=== Exercise requirements ===
Omit the images. Restate all of the records word for word.

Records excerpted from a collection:

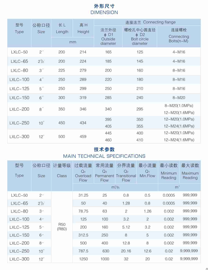大口徑磁傳可拆水表(光電直讀/方堵塞)LXLC/L
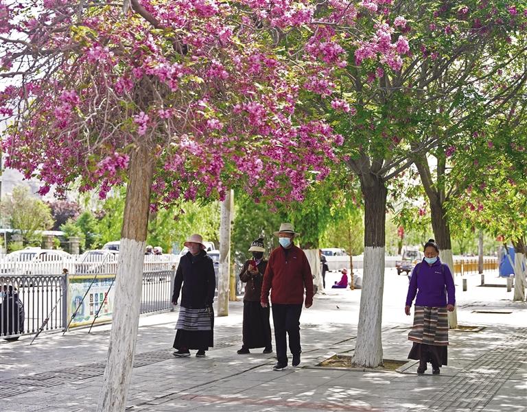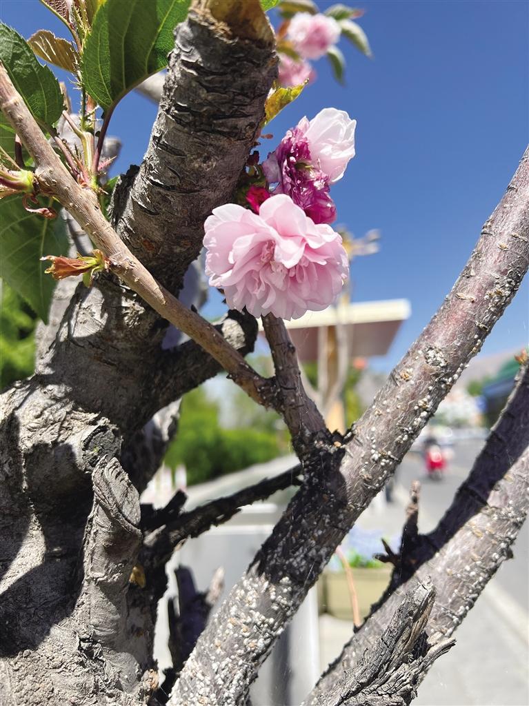 如今,走在市區(qū)街頭或公園,隨處可以看到開(kāi)花的樹(shù)種,有的已經(jīng)凋零,有的開(kāi)得正艷,有的含苞待放。在布達(dá)拉宮腳下的北京中路道路兩側(cè)櫻花全面盛開(kāi),粉紅色的櫻花宛如云霞,花瓣隨著微風(fēng)簌簌落下,煞是浪漫。將初夏的北京中路裝扮成一幅美麗的畫(huà)卷,吸引許多市民和游客賞花拍照。
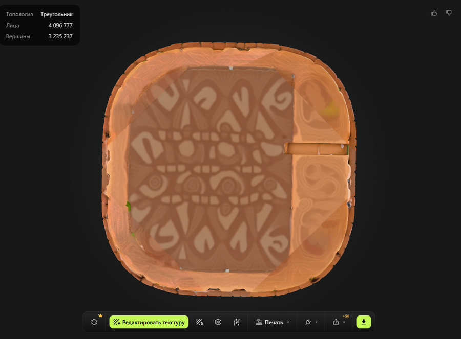 Материал и цвет: Для производства рекомендуется использовать пластик PLA или PETG. В качестве базового цвета лучше выбирать нейтральные матовые оттенки: слоновую кость, светло-песочный или светло-серый. Это позволит материалу лучше передать игру теней на рельефе поверхности и подготовить модель к последующему ручному декорированию.
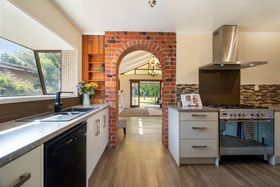 The modernised kitchen sits at the heart of the home, complete with a gas oven for enthusiastic cooks, ample bench space, and great storage. The main lounge opens through dual ranch sliders to the front yard, a point of difference to those on the market. Reeve has a large secondary living area shared with the dining area, featuring a high-pitched ceiling and French doors extending to the expansive backyard, creating the ultimate family hub.
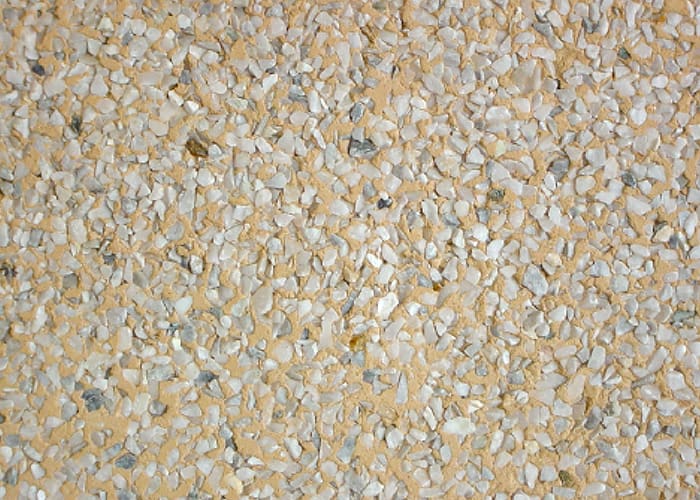 • The basecoat is trowel applied and finished by spraying or manually casting the marble chips over the entire surface and embedding them into the surface with a steel trowel or hairless roller.

=== Worked solution ===
大口徑磁傳可拆水表(光電直讀/方堵塞)LXLC/L
 如今,走在市區(qū)街頭或公園,隨處可以看到開(kāi)花的樹(shù)種,有的已經(jīng)凋零,有的開(kāi)得正艷,有的含苞待放。在布達(dá)拉宮腳下的北京中路道路兩側(cè)櫻花全面盛開(kāi),粉紅色的櫻花宛如云霞,花瓣隨著微風(fēng)簌簌落下,煞是浪漫。將初夏的北京中路裝扮成一幅美麗的畫(huà)卷,吸引許多市民和游客賞花拍照。
 Материал и цвет: Для производства рекомендуется использовать пластик PLA или PETG. В качестве базового цвета лучше выбирать нейтральные матовые оттенки: слоновую кость, светло-песочный или светло-серый. Это позволит материалу лучше передать игру теней на рельефе поверхности и подготовить модель к последующему ручному декорированию.
 The modernised kitchen sits at the heart of the home, complete with a gas oven for enthusiastic cooks, ample bench space, and great storage. The main lounge opens through dual ranch sliders to the front yard, a point of difference to those on the market. Reeve has a large secondary living area shared with the dining area, featuring a high-pitched ceiling and French doors extending to the expansive backyard, creating the ultimate family hub.
 • The basecoat is trowel applied and finished by spraying or manually casting the marble chips over the entire surface and embedding them into the surface with a steel trowel or hairless roller.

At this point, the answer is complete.